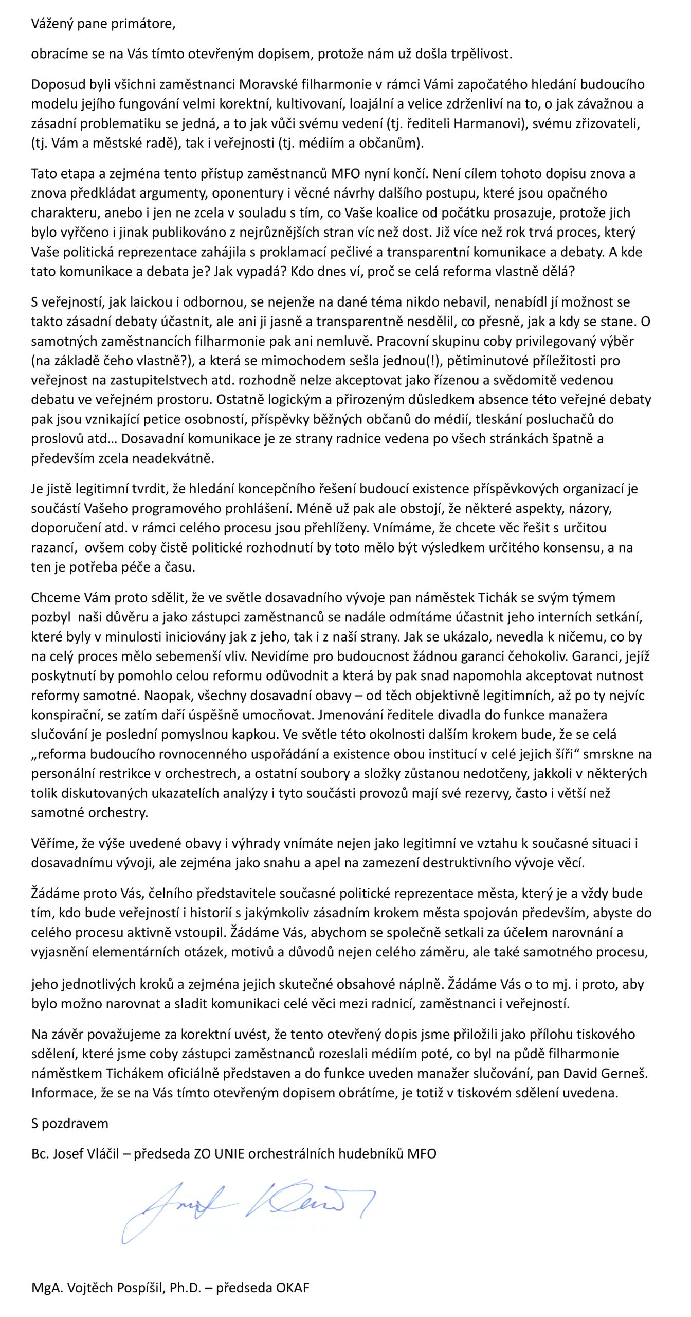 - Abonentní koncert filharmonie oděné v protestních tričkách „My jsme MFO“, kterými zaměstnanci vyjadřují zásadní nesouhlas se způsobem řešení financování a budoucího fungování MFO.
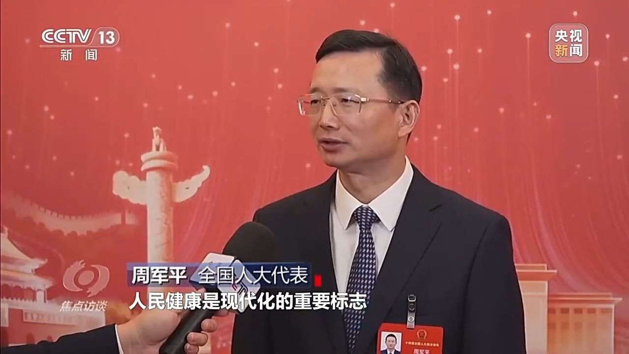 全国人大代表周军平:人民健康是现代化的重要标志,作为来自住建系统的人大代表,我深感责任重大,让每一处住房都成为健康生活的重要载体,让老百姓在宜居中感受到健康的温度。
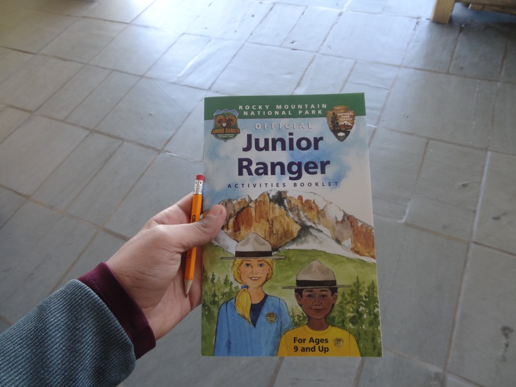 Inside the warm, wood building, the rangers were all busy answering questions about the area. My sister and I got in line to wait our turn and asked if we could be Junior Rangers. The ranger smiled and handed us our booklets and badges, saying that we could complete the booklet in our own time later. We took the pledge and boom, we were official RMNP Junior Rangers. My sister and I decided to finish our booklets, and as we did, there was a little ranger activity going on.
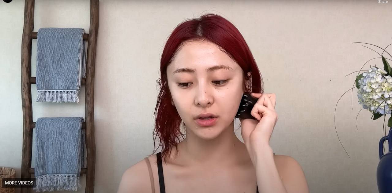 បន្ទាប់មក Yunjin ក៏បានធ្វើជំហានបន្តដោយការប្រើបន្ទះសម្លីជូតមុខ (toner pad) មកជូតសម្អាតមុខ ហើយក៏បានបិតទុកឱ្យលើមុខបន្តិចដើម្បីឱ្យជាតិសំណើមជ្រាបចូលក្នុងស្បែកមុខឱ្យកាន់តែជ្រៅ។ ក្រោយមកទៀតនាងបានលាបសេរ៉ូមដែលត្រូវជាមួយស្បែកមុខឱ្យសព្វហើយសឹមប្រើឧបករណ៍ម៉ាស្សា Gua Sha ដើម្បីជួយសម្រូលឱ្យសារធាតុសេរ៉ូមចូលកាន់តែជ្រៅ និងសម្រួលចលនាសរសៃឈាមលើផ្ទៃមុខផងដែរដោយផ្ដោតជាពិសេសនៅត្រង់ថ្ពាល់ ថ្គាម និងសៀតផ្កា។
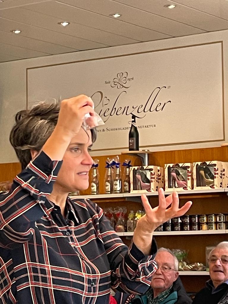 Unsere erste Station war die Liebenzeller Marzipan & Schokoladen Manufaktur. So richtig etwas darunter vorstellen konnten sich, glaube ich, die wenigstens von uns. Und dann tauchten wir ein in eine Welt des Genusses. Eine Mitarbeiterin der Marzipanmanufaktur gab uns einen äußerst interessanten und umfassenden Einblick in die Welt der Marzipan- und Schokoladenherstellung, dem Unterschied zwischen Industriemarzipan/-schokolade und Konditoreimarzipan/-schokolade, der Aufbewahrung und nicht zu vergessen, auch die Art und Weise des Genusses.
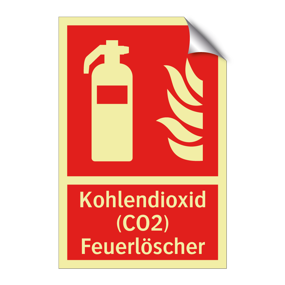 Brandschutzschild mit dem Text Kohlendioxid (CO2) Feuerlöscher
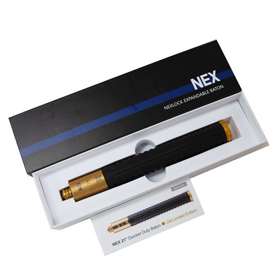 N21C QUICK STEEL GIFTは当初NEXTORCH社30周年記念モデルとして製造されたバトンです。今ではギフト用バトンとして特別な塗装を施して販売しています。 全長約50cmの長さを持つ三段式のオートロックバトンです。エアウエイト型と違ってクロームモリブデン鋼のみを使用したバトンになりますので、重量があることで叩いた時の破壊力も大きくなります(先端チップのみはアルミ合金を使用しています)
——
What you have to do | Write out the material above exactly. Skip the pictures.

Exercise result |
 - Abonentní koncert filharmonie oděné v protestních tričkách „My jsme MFO“, kterými zaměstnanci vyjadřují zásadní nesouhlas se způsobem řešení financování a budoucího fungování MFO.
 全国人大代表周军平:人民健康是现代化的重要标志,作为来自住建系统的人大代表,我深感责任重大,让每一处住房都成为健康生活的重要载体,让老百姓在宜居中感受到健康的温度。
 Inside the warm, wood building, the rangers were all busy answering questions about the area. My sister and I got in line to wait our turn and asked if we could be Junior Rangers. The ranger smiled and handed us our booklets and badges, saying that we could complete the booklet in our own time later. We took the pledge and boom, we were official RMNP Junior Rangers. My sister and I decided to finish our booklets, and as we did, there was a little ranger activity going on.
 បន្ទាប់មក Yunjin ក៏បានធ្វើជំហានបន្តដោយការប្រើបន្ទះសម្លីជូតមុខ (toner pad) មកជូតសម្អាតមុខ ហើយក៏បានបិតទុកឱ្យលើមុខបន្តិចដើម្បីឱ្យជាតិសំណើមជ្រាបចូលក្នុងស្បែកមុខឱ្យកាន់តែជ្រៅ។ ក្រោយមកទៀតនាងបានលាបសេរ៉ូមដែលត្រូវជាមួយស្បែកមុខឱ្យសព្វហើយសឹមប្រើឧបករណ៍ម៉ាស្សា Gua Sha ដើម្បីជួយសម្រូលឱ្យសារធាតុសេរ៉ូមចូលកាន់តែជ្រៅ និងសម្រួលចលនាសរសៃឈាមលើផ្ទៃមុខផងដែរដោយផ្ដោតជាពិសេសនៅត្រង់ថ្ពាល់ ថ្គាម និងសៀតផ្កា។
 Unsere erste Station war die Liebenzeller Marzipan & Schokoladen Manufaktur. So richtig etwas darunter vorstellen konnten sich, glaube ich, die wenigstens von uns. Und dann tauchten wir ein in eine Welt des Genusses. Eine Mitarbeiterin der Marzipanmanufaktur gab uns einen äußerst interessanten und umfassenden Einblick in die Welt der Marzipan- und Schokoladenherstellung, dem Unterschied zwischen Industriemarzipan/-schokolade und Konditoreimarzipan/-schokolade, der Aufbewahrung und nicht zu vergessen, auch die Art und Weise des Genusses.
 Brandschutzschild mit dem Text Kohlendioxid (CO2) Feuerlöscher
 N21C QUICK STEEL GIFTは当初NEXTORCH社30周年記念モデルとして製造されたバトンです。今ではギフト用バトンとして特別な塗装を施して販売しています。 全長約50cmの長さを持つ三段式のオートロックバトンです。エアウエイト型と違ってクロームモリブデン鋼のみを使用したバトンになりますので、重量があることで叩いた時の破壊力も大きくなります(先端チップのみはアルミ合金を使用しています)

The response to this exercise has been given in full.